7. Portal hypertensive enteropathy (PHE)
PHE is a condition associated with pathologic changes and mucosal abnormalities in the small intestine of patients with PH. It is being increasingly diagnosed, due to the advent of video capsule endoscopy and deep enteroscopy. In recent studies, the prevalence of PHE varies around 93–97%, with 8–12% of patients showing evidence of ongoing bleeding [62, 63, 64]. The findings of PHE are characterized as vascular (red spots, telangiectasia, or varices) and non-vascular or inflammatory (villous edema, erythema, or polyps) changes  (Figure 12a-f).
Treatment options for PHE related bleed include glue or sclerosant for variceal bleeding and APC for non-variceal bleeding. In patients with hemodynamic instability, radiological coil embolization is an option .
8. Portal hypertensive COLOPATHY (PHC)
Colonic abnormalities in patients with PH are referred to as PHC, and these are vascular ectasias, mosaic pattern mucosa, mucosal hemorrhages, anorectal or colonic varices, hemorrhoids, and nonspecific inflammatory changes. Its prevalence in patients with cirrhosis varies from 25 to 70%, with an estimated bleeding rate of 0–9% [65, 66, 67, 68]. Treatment options are ES or glue injection for variceal bleed, EVL for hemorrhoidal bleed, and APC for the non-variceal bleed and are similar to those in PHE.
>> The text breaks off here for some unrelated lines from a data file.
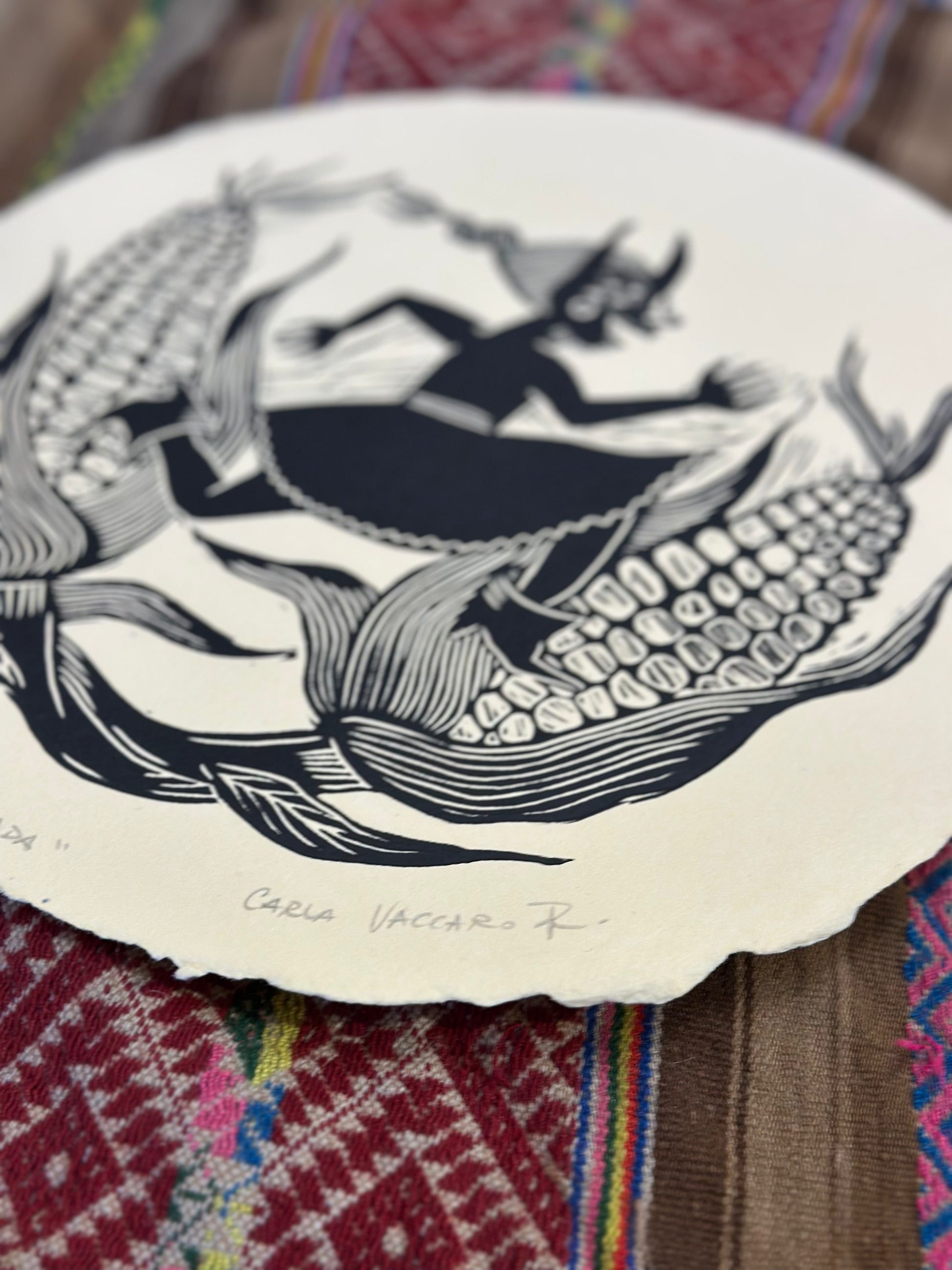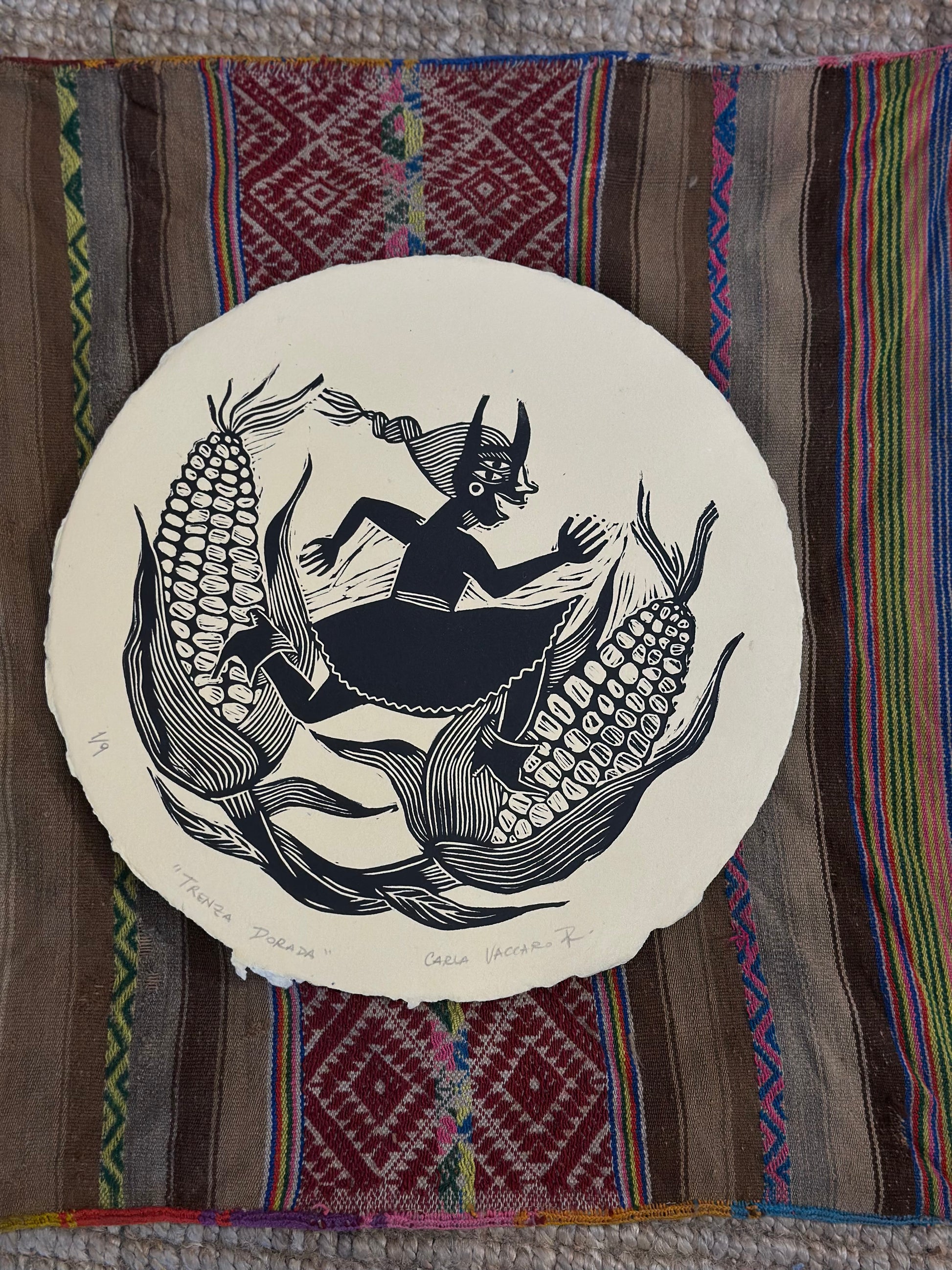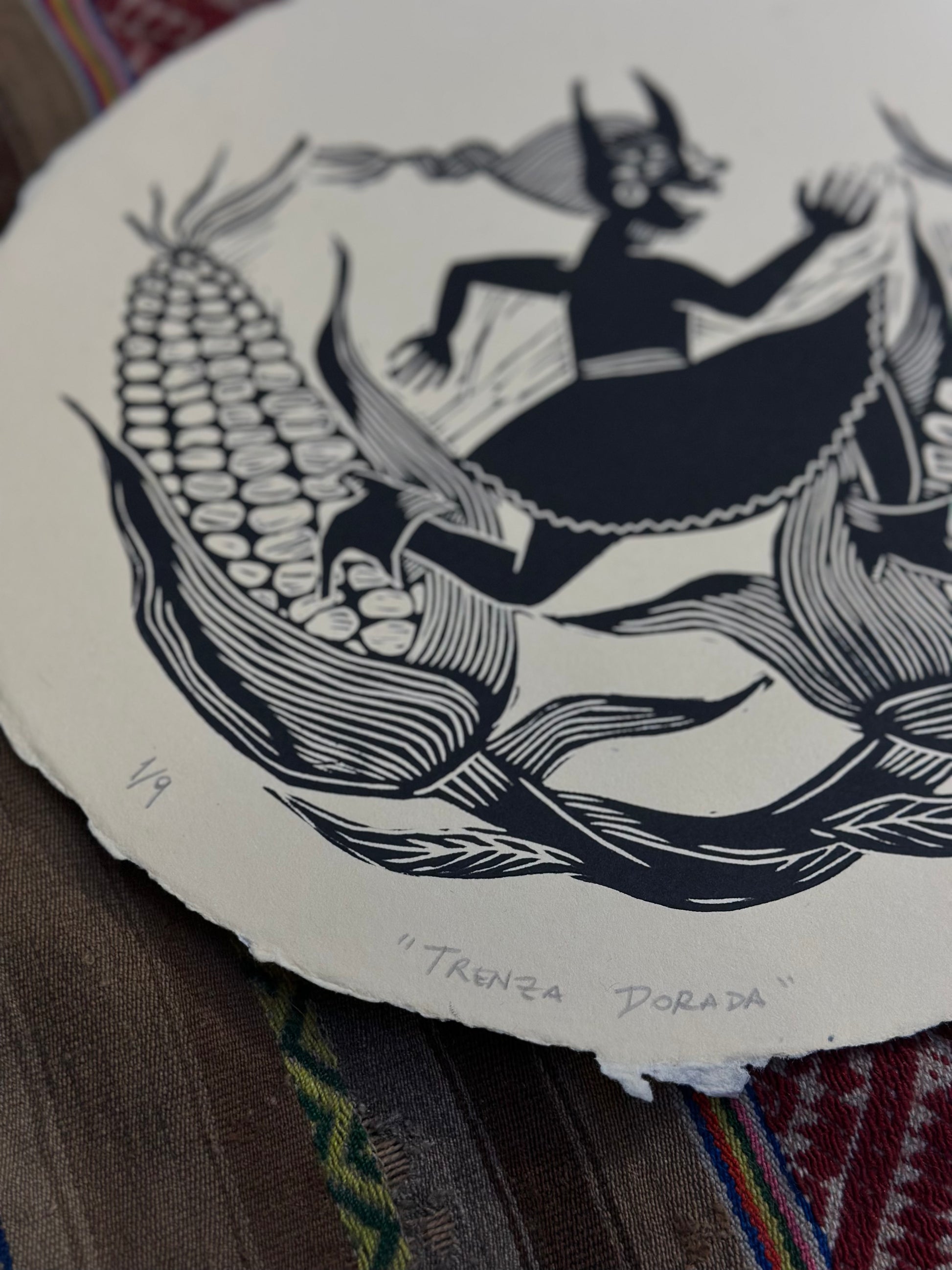 This is "Trenza Dorada", a lino print using handmade paper produced in the center's Living Museum of Paper from materials such as cotton, denim and kozo (paper mulberry) This paper is used by artists who complete residencies or workshops at La Ceiba Grafica, which is a printmaking center in Veracruz, Mexico.
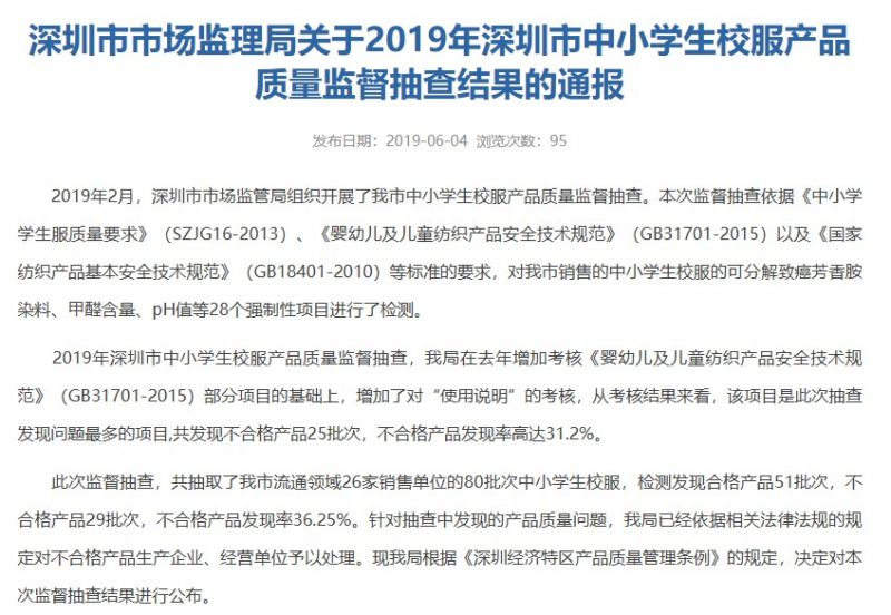 以质量抽检数据为例,公开信息显示,2019年深圳校服抽检的不合格率高达36.25%,2020年这一比例虽有所下降,却仍维持在23.33%的高位。直到 2024 年,深圳市市场监管局对60家生产、销售单位抽检校服150批次,初检仍发现19批次不合格,不合格率为12.7%。主要不合格项目涵盖纤维含量、绳带要求、pH值、标识、色牢度等,这些问题直接关乎学生的身体健康与穿着体验。
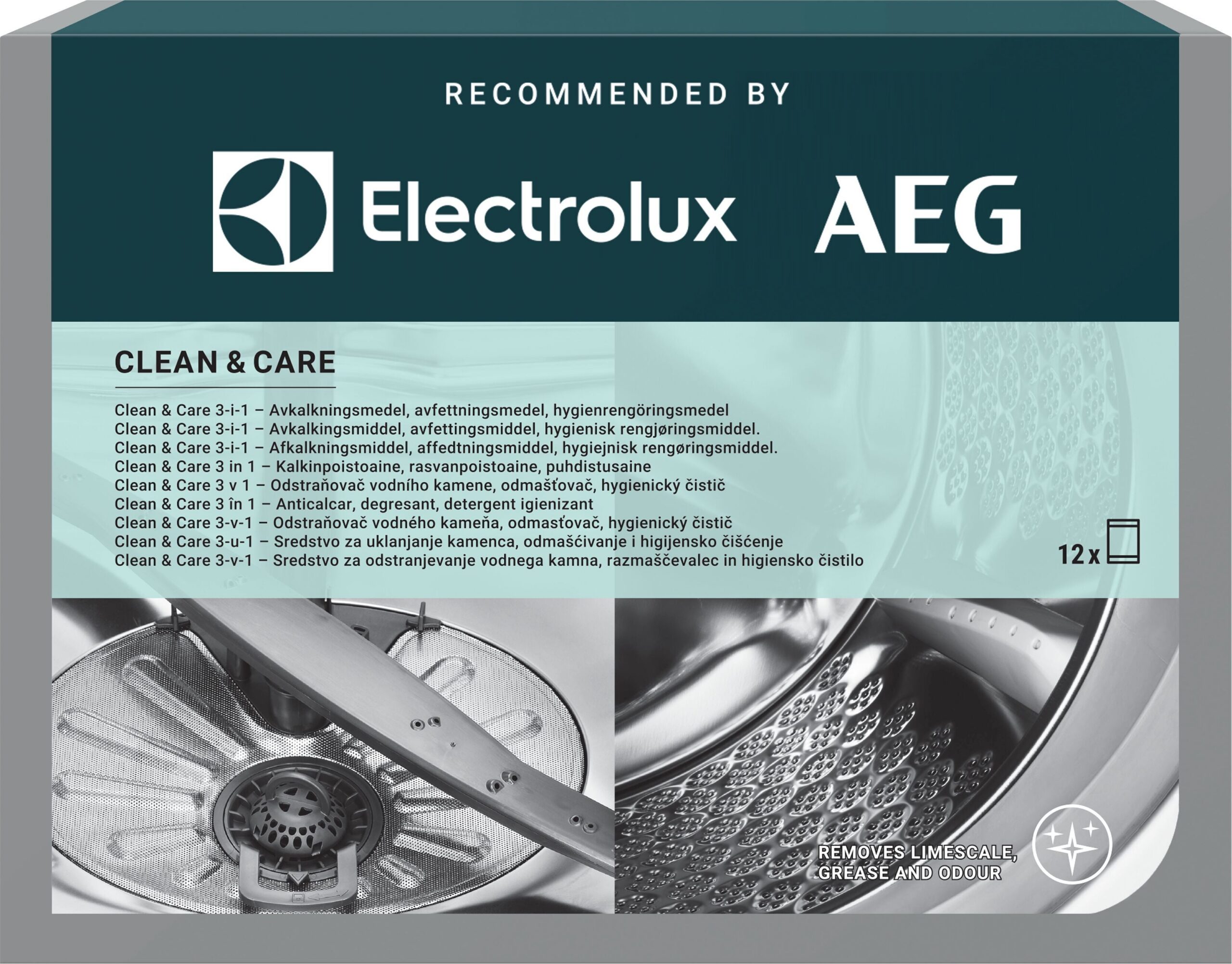 Puhastus ja hooldus 3in1. Katlakivi eemaldaja, rasvaeemaldaja ja desinfitseerimisvahend nõudepesumasinatele ja pesumasinatele ühes kotis.
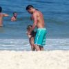 Cauã Reymond exibe o corpo sarado brincando com a filha, Sofia, na praia
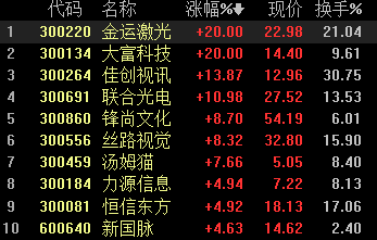 元宇宙概念持續(xù)沖高,金運(yùn)激光(22.980,3.83,20.00%)、大富科技(14.400,2.40,20.00%)拉升封板。

PH can result in formation of varices at various sites with mucosal changes anywhere in the gastrointestinal tract. These can lead to acute gastrointestinal bleed or anemia. Endoscopy plays an important role in diagnosis and treatment of these complications. EVL and glue are the usual first line treatment for esophageal and GV respectively. Other therapies include sclerosant or thrombin injection, EUS-guided therapies, esophageal stent placement, APC or hemospray.